La nueva comunidad ciudadana: Un "gran partido ciudadano" para México no es un nuevo partido electoral sino un gran campo social heterogéneo y multiforme que tiene en común la alta conciencia de pertenecer a una nueva comunidad política -la comunidad societaria o ciudadana- y que dicha comunidad indudablemente mayoritaria es la plataforma necesaria para impulsar un nuevo proyecto de país, contrario y diferente al que ha impuesto el bloque neoliberal dominante.
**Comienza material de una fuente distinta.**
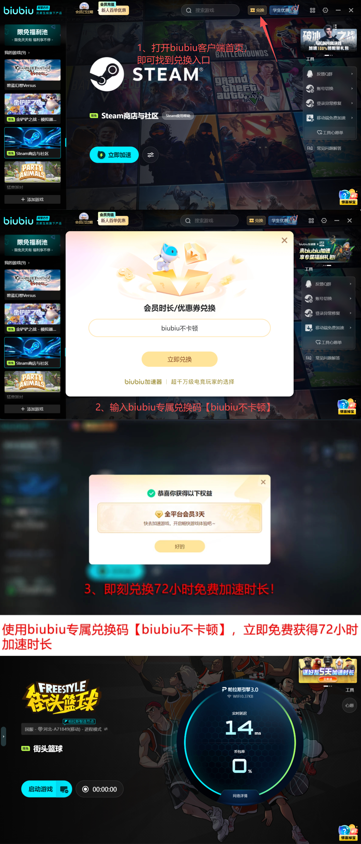 立即注册,开启高性能网络体验!新用户完成账号注册后,可直接领取24小时无限制免费加速权益;叠加使用专属口令 【biubiu不卡顿】,还可额外获得72小时高品质加速服务。两项福利叠加,新用户总计享有96小时完整试用周期。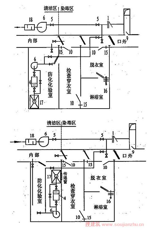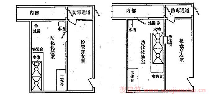 1 防化化验室的面积不小于12m²,应设密闭门,当防化化验室与检查穿衣室之间的隔墙上设样品传递密闭窗时,其密闭门与工程主体相通,当不设样品传递密闭窗时,其密闭门与第二防毒通道或检查穿衣室相通;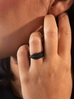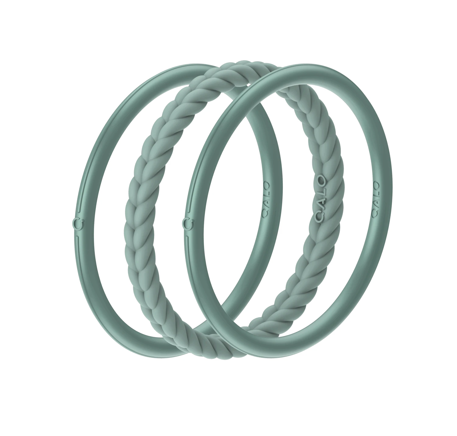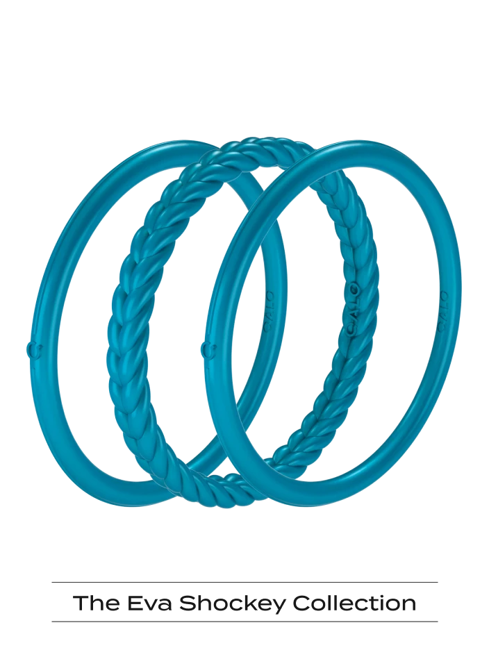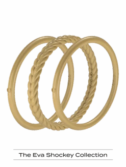 This set of three includes one braided silhouette, and two smooth silhouettes in gold or peacock blue.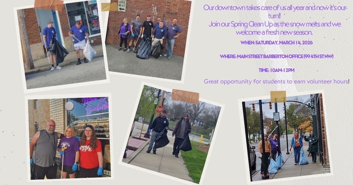 Join Main Street Barberton for our Spring Downtown Clean Up on Saturday, March 14, 2026, from 10:00 AM–12:00 PM. We’ll meet at the Main Street Barberton office (99 4th St NW) and head out together to freshen up downtown as the snow melts and we welcome the new season. It’s a simple, hands-on way to give back, connect with neighbors, and help keep Barberton’s historic downtown looking its best—plus it’s a great opportunity for students to earn volunteer hours.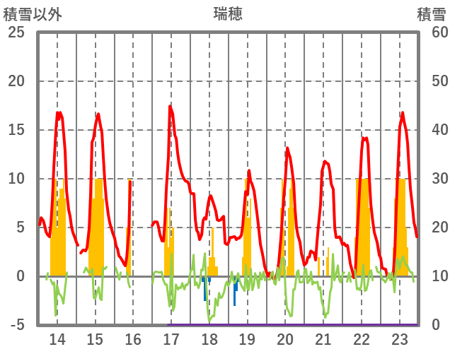 | 日 | 時 | 気温 | 降水 | 風向/風速 | 日照 | 積雪 | 降雪 |
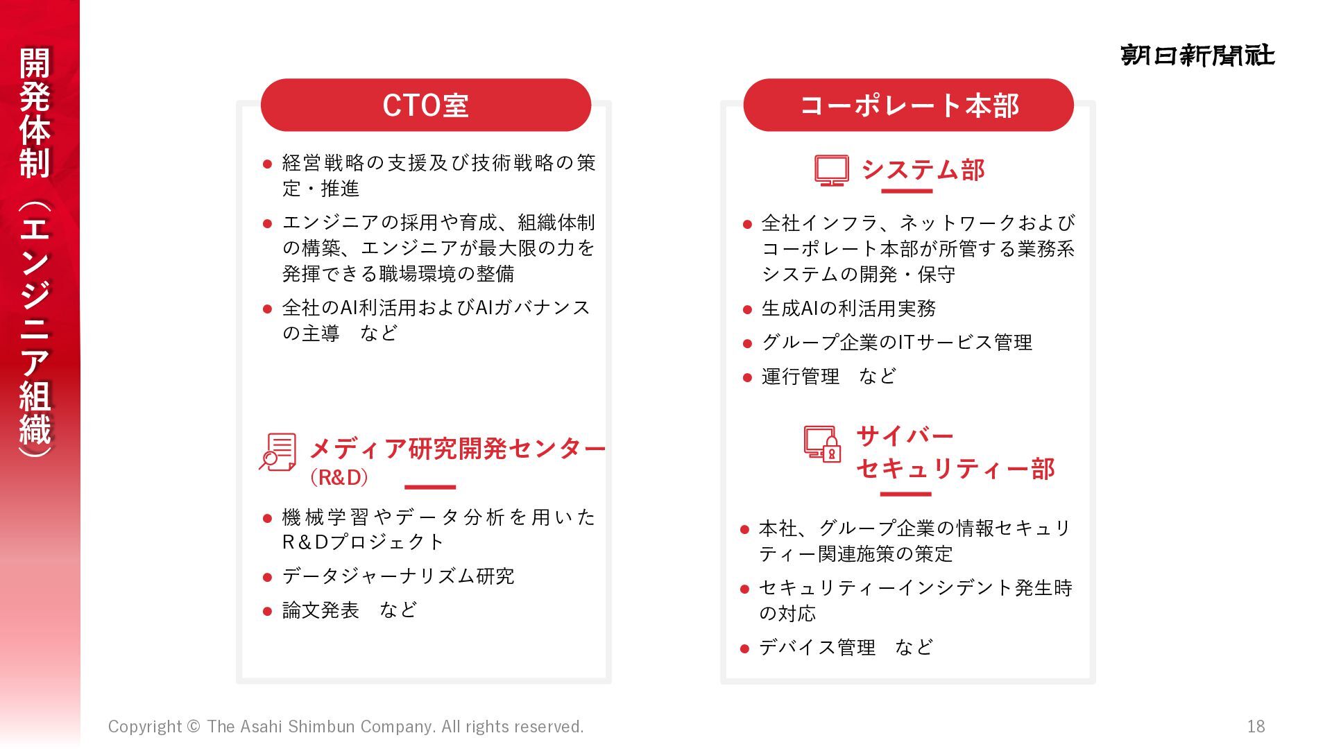 rights reserved. 開 発 体 制 ( エ ン ジ ニ ア 組 織 ) コーポレート本部 ⚫ 全社インフラ、ネットワークおよび コーポレート本部が所管する業務系 システムの開発・保守 ⚫ 生成AIの利活用実務 ⚫ グループ企業のITサービス管理 ⚫ 運行管理 など ⚫ 本社、グループ企業の情報セキュリ ティー関連施策の策定 ⚫ セキュリティーインシデント発生時 の対応 ⚫ デバイス管理 など サイバー セキュリティー部 システム部 ⚫ 機 械 学 習 や デ ー タ 分 析 を 用 い た R&Dプロジェクト ⚫ データジャーナリズム研究 ⚫ 論文発表 など CTO室 ⚫ 経営戦略の支援及び技術戦略の策 定・推進 ⚫ エンジニアの採用や育成、組織体制 の構築、エンジニアが最大限の力を 発揮できる職場環境の整備 ⚫ 全社のAI利活用およびAIガバナンス の主導 など

Se trata en realidad de la conformación -aún embrionaria- de un nuevo bloque histórico que ya en sus acciones concretas aspira no sólo a reclamar sino a sustituir al actual Estado, bajo la bandera de una justicia eficaz -para lo cual es necesaria la ampliación del concepto de democracia real participativa en que la ciudadanía tome control directo de la supervisión del manejo honrado y transparente de los asuntos públicos. Sin una orientación como ésta, la emergencia social que ha surgido en buena parte del país no podrá resistir y permanecer activa luchando por sus justas demandas; será reprimida y/o cooptada por la fuerza y los recursos del Estado. Se trata de una nueva moral y un nuevo concepto de sociedad económica y cultural bajo el caro principio de la fraternidad por encima de la libre competencia. Una comunidad ciudadana que se opone y se coloca por encima del mercado, ese lugar fatídico de concurrencia de los ciudadanos aislados y enfrentados entre sí.


Guadalajara, Jal., a 11 de diciembre de 2014.